Directions:
Output the data verbatim, minus the images.

Data excerpt:

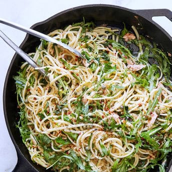 Subimos el fuego a medio, incorporamos 1 taza del líquido reservado, llevamos a hervor suave y cocinamos hasta que la salsa se haya reducido a la mitad, unos 3 minutos. Agregamos la rúcula junto con 2 cucharadas del líquido y mezclamos hasta que se hayan marchitado.
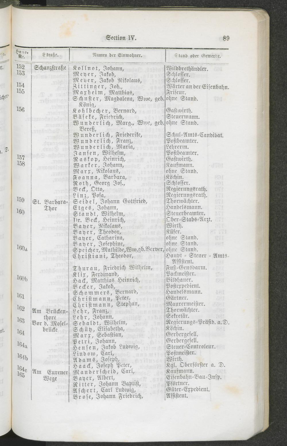 Alphabetisches Namens-Verzeichniß der Einwohner von Trier.
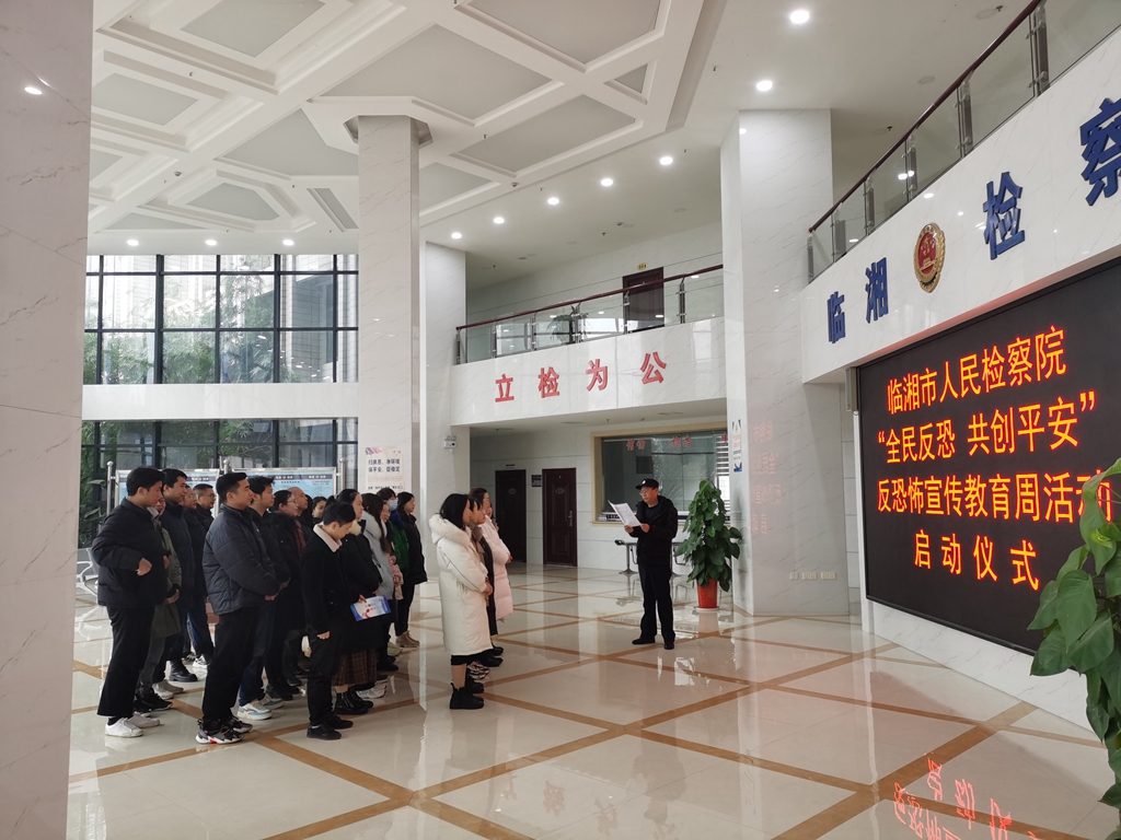 市检察院党组书记、检察长陈尧表示,本周,临湘检察院将运用新媒体(微信公众号、微博等)全方位、多角度向社会各界和广大群众解读宣传《反恐怖主义法》,进一步凝聚反对恐怖主义、维护国家安全的强大社会共识,形成反恐防控的强大社会合力,共同打好反恐怖人民战争,筑牢筑实维护国家安全的人民防线。
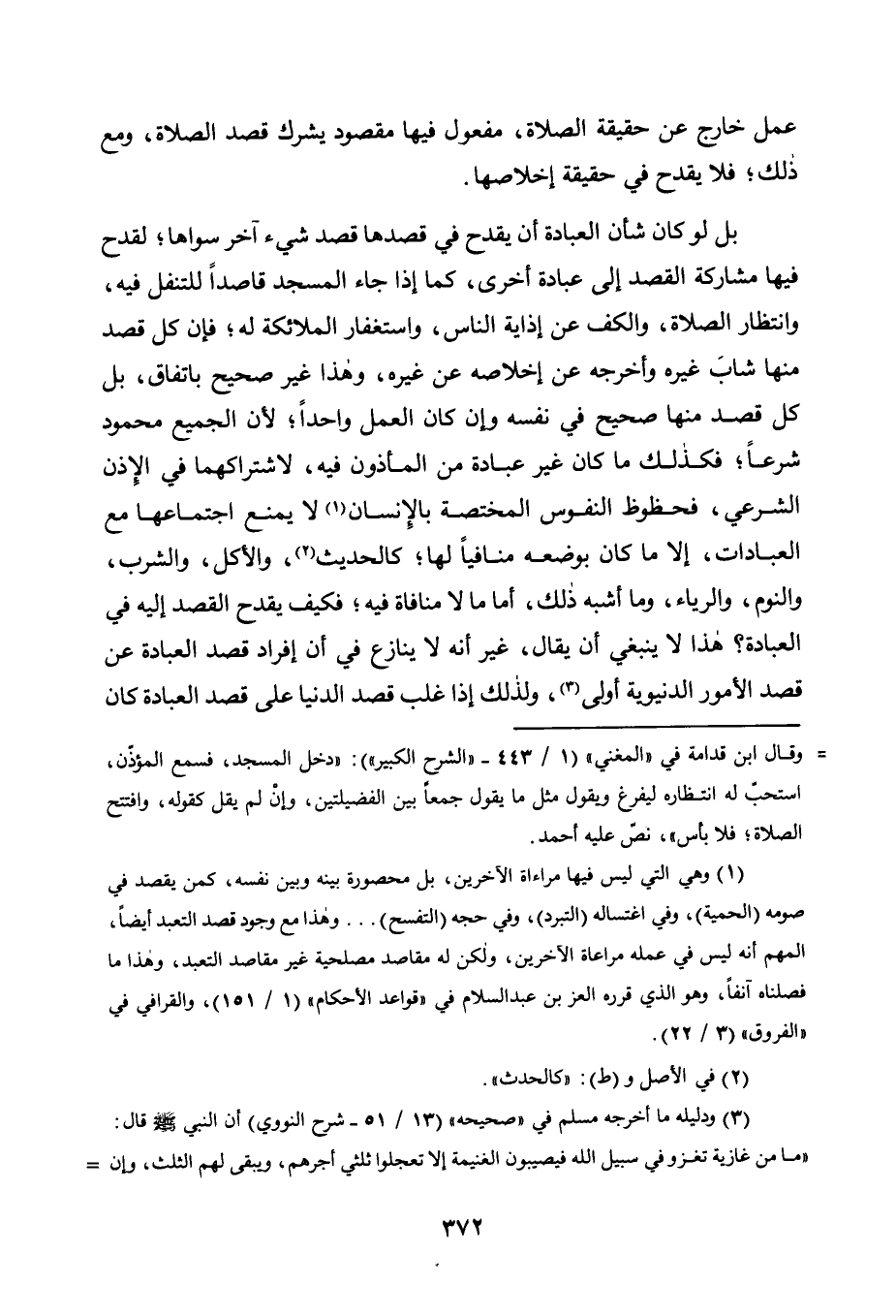 بَلْ لَوْ كَانَ شَأْنُ الْعِبَادَةِ أَنْ يَقْدَحَ فِي قَصْدِهَا قَصْدُ شيء آخر سواها، لَقَدَحَ فِيهَا مُشَارَكَةُ الْقَصْدِ إِلَى عِبَادَةٍ أُخْرَى، كَمَا إِذَا جَاءَ الْمَسْجِدَ قَاصِدًا لِلتَّنَفُّلِ فِيهِ، وَانْتِظَارِ الصَّلَاةِ، وَالْكَفِّ عَنْ إِذَايَةِ النَّاسِ، وَاسْتِغْفَارِ الْمَلَائِكَةِ لَهُ، فَإِنَّ كُلَّ قَصْدٍ مِنْهَا شَابَ غَيْرَهُ وَأَخْرَجَهُ عَنْ إِخْلَاصِهِ عَنْ غَيْرِهِ، وَهَذَا غَيْرُ صَحِيحٍ بِاتِّفَاقٍ، بَلْ كُلُّ قَصْدٍ مِنْهَا صَحِيحٌ فِي نَفْسِهِ وَإِنْ كَانَ الْعَمَلُ وَاحِدًا؛ لِأَنَّ الْجَمِيعَ مَحْمُودٌ شَرْعًا، فَكَذَلِكَ مَا كَانَ غَيْرَ عِبَادَةٍ مِنَ الْمَأْذُونِ فِيهِ، لِاشْتِرَاكِهِمَا فِي الْإِذْنِ الشَّرْعِيِّ، فَحُظُوظُ النُّفُوسِ الْمُخْتَصَّةِ بِالْإِنْسَانِ1 لَا يُمْنَعُ اجْتِمَاعُهَا مَعَ الْعِبَادَاتِ، إِلَّا مَا كَانَ بِوَضْعِهِ مُنَافِيًا لَهَا، كَالْحَدِيثِ2، وَالْأَكْلِ، وَالشُّرْبِ، وَالنَّوْمِ، وَالرِّيَاءِ، وَمَا أَشْبَهَ ذَلِكَ، أَمَّا مَا لَا مُنَافَاةَ فِيهِ، فَكَيْفَ يَقْدَحُ الْقَصْدُ إِلَيْهِ فِي الْعِبَادَةِ؟ هَذَا لَا يَنْبَغِي أَنْ يُقَالَ، غَيْرَ أَنَّهُ لَا يُنَازَعُ فِي أَنَّ إِفْرَادَ قَصْدِ الْعِبَادَةِ عَنْ قَصْدِ الْأُمُورِ الدُّنْيَوِيَّةِ أَوْلَى3، وَلِذَلِكَ إِذَا غَلَبَ قَصْدُ الدُّنْيَا عَلَى قَصْدِ الْعِبَادَةِ كان

Answer space:
 Subimos el fuego a medio, incorporamos 1 taza del líquido reservado, llevamos a hervor suave y cocinamos hasta que la salsa se haya reducido a la mitad, unos 3 minutos. Agregamos la rúcula junto con 2 cucharadas del líquido y mezclamos hasta que se hayan marchitado.
 Alphabetisches Namens-Verzeichniß der Einwohner von Trier.
 市检察院党组书记、检察长陈尧表示,本周,临湘检察院将运用新媒体(微信公众号、微博等)全方位、多角度向社会各界和广大群众解读宣传《反恐怖主义法》,进一步凝聚反对恐怖主义、维护国家安全的强大社会共识,形成反恐防控的强大社会合力,共同打好反恐怖人民战争,筑牢筑实维护国家安全的人民防线。
 بَلْ لَوْ كَانَ شَأْنُ الْعِبَادَةِ أَنْ يَقْدَحَ فِي قَصْدِهَا قَصْدُ شيء آخر سواها، لَقَدَحَ فِيهَا مُشَارَكَةُ الْقَصْدِ إِلَى عِبَادَةٍ أُخْرَى، كَمَا إِذَا جَاءَ الْمَسْجِدَ قَاصِدًا لِلتَّنَفُّلِ فِيهِ، وَانْتِظَارِ الصَّلَاةِ، وَالْكَفِّ عَنْ إِذَايَةِ النَّاسِ، وَاسْتِغْفَارِ الْمَلَائِكَةِ لَهُ، فَإِنَّ كُلَّ قَصْدٍ مِنْهَا شَابَ غَيْرَهُ وَأَخْرَجَهُ عَنْ إِخْلَاصِهِ عَنْ غَيْرِهِ، وَهَذَا غَيْرُ صَحِيحٍ بِاتِّفَاقٍ، بَلْ كُلُّ قَصْدٍ مِنْهَا صَحِيحٌ فِي نَفْسِهِ وَإِنْ كَانَ الْعَمَلُ وَاحِدًا؛ لِأَنَّ الْجَمِيعَ مَحْمُودٌ شَرْعًا، فَكَذَلِكَ مَا كَانَ غَيْرَ عِبَادَةٍ مِنَ الْمَأْذُونِ فِيهِ، لِاشْتِرَاكِهِمَا فِي الْإِذْنِ الشَّرْعِيِّ، فَحُظُوظُ النُّفُوسِ الْمُخْتَصَّةِ بِالْإِنْسَانِ1 لَا يُمْنَعُ اجْتِمَاعُهَا مَعَ الْعِبَادَاتِ، إِلَّا مَا كَانَ بِوَضْعِهِ مُنَافِيًا لَهَا، كَالْحَدِيثِ2، وَالْأَكْلِ، وَالشُّرْبِ، وَالنَّوْمِ، وَالرِّيَاءِ، وَمَا أَشْبَهَ ذَلِكَ، أَمَّا مَا لَا مُنَافَاةَ فِيهِ، فَكَيْفَ يَقْدَحُ الْقَصْدُ إِلَيْهِ فِي الْعِبَادَةِ؟ هَذَا لَا يَنْبَغِي أَنْ يُقَالَ، غَيْرَ أَنَّهُ لَا يُنَازَعُ فِي أَنَّ إِفْرَادَ قَصْدِ الْعِبَادَةِ عَنْ قَصْدِ الْأُمُورِ الدُّنْيَوِيَّةِ أَوْلَى3، وَلِذَلِكَ إِذَا غَلَبَ قَصْدُ الدُّنْيَا عَلَى قَصْدِ الْعِبَادَةِ كان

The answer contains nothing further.